Members of the APOBEC protein family all contain consensus cytidine-deaminase motifs, some of which have been shown to catalyse the deamination of cytidine to uridine in DNA or RNA. Replication over the mutated uridine (which is recognized as thymidine by the polymerase machinery) then results in a guanosine (G) to adenosine (A) mutation in the pairing strand. APOBEC3G has potent antiretroviral activity, and consistent with its proposed role as a cytidine deaminase, it induces high levels of deleterious G to A mutations in HIV-1 cDNA. Given that APOBEC3G has two consensus cytidine-deaminase motifs, one at each terminus, Sheehy and colleagues set out to find which of these is important for the antiviral effect.

First, they tested the ability of each domain to mutate DNA in an in vitro assay in which mutation of the RNA polymerase B gene of Escherichia coli by APOBEC3G is measured by the frequency of acquired resistance to rifampicin. Mutations in the amino (N)-terminal domain of APOBEC3G did not affect the frequency of rifampicin resistance, whereas mutations in the carboxyl (C)-terminus markedly decreased the frequency of resistant bacterial colonies. Surprisingly, this indicates that only the C-terminal cytidine-deaminase motif of APOBEC3G has DNA-mutating activity.

However, although mutations at the C-terminus inhibited the mutational activity of APOBEC3G, they did not significantly affect antiviral activity against susceptible strains of HIV-1. Comparison of the different APOBEC3G mutants showed that antiviral activity depends on at least one of the domains being intact, but it doesn't matter which one. It therefore seems that there might be an alternative mechanism, independent of DNA deamination, for the antiviral activity of APOBEC3G. Consistent with this, HIV-1 cDNAs recovered from cells infected with APOBEC3G-susceptible virions produced in the presence of C-terminal-mutated APOBEC3G showed no evidence of G to A hypermutation, despite the presence of a strong antiretroviral effect.

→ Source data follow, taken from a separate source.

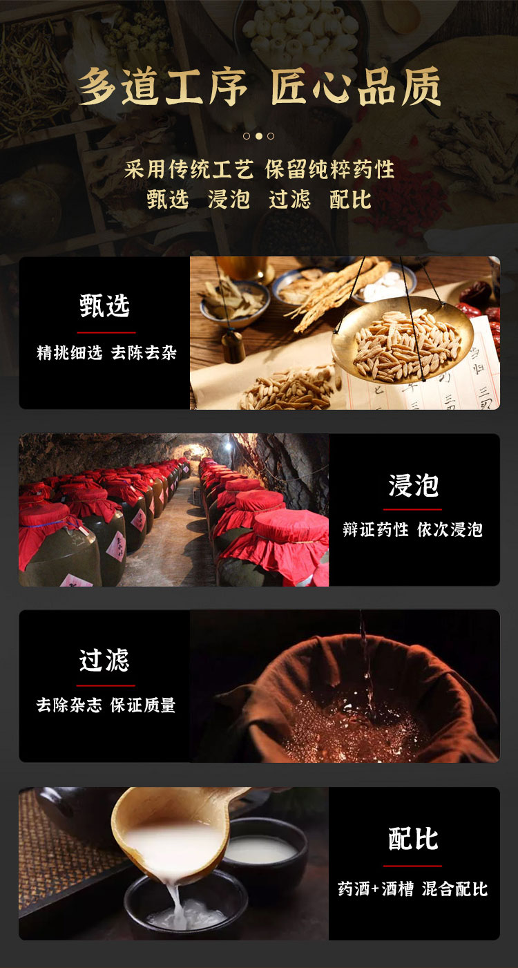 挑选,洗净,切片,加入米香型白酒,一起浸泡在陶坛中至少30天,让药材的营养精华,充分浸出。
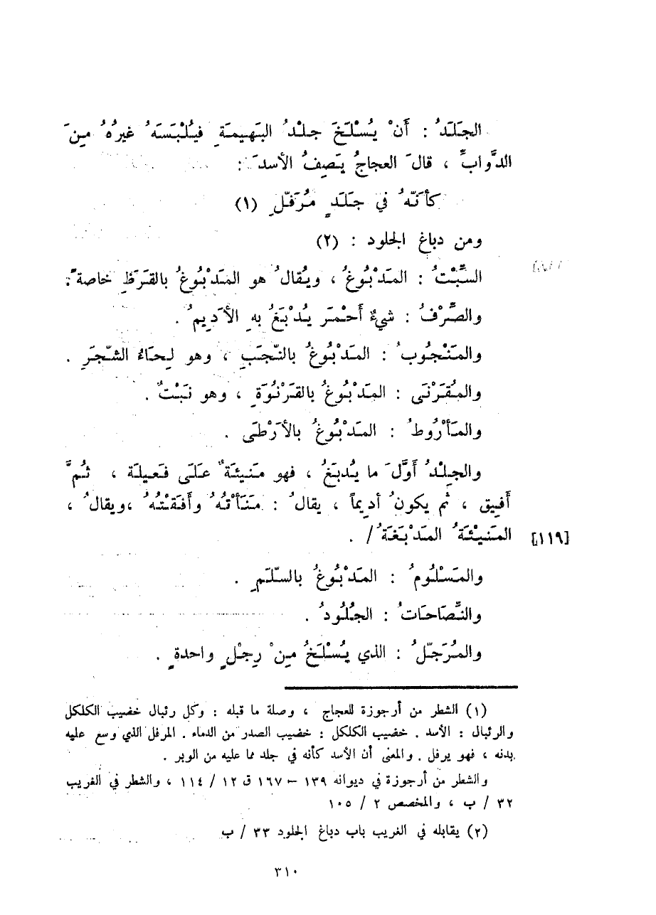 ومن دباغ الجلود: السبت: المدبوغ، ويقال هو المدبوغ بالقرظ خاصةً.
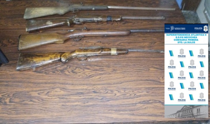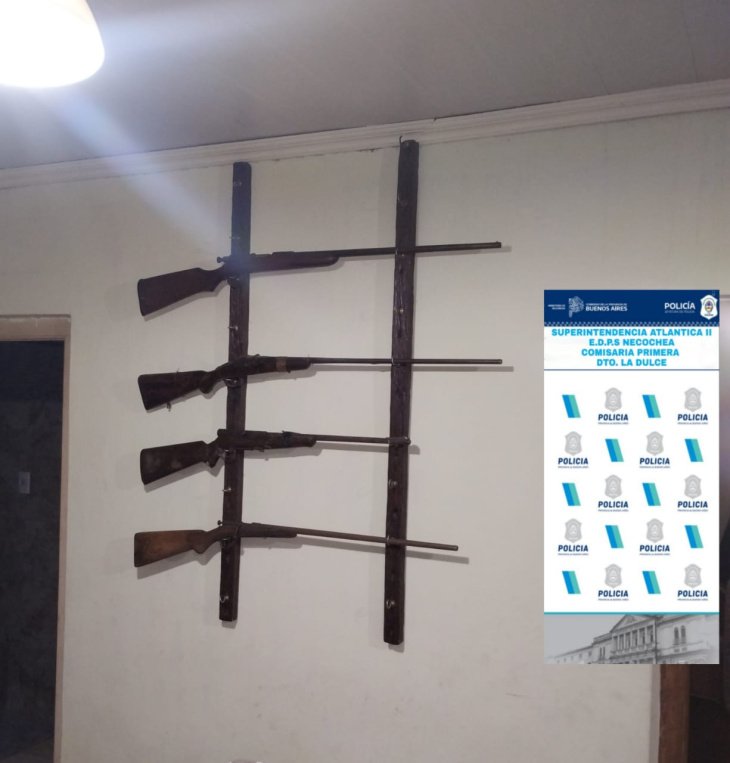 Durante el operativo, la policía concretó la aprehensión del sospechoso y procedió al secuestro de cuatro armas largas:
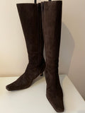 HOBBS DARK BROWN SUEDE KNEE LENGTH HEELED BOOTS SIZE 6/39
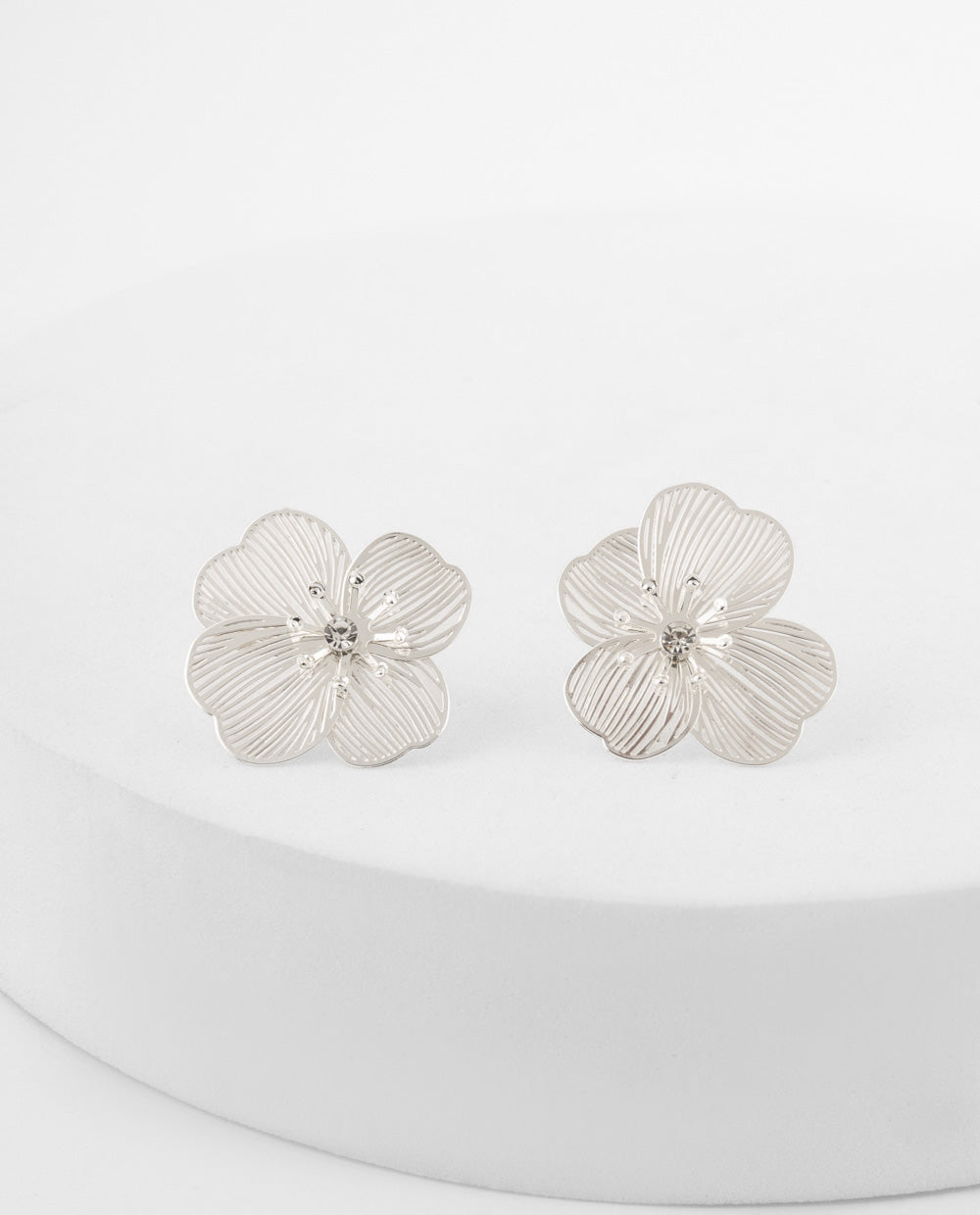 Aretes grandes con diseño de flor plateada en acabado brillante, delicadamente texturados para aportar un toque elegante y femenino.

The authors experimentally ruled out a dominant-negative effect of C-terminal mutations on any DNA-mutating activity of the N-terminus of APOBEC3G. They also showed that the failure of C-terminal APOBEC3G mutants to edit viral cDNA did not result from a lack of virion packaging. Therefore, these results call into question the previously assumed absolute correlation between cytidine-deaminase activity and antiretroviral function of APOBEC3G, which might have implications for the function of other members of the APOBEC family.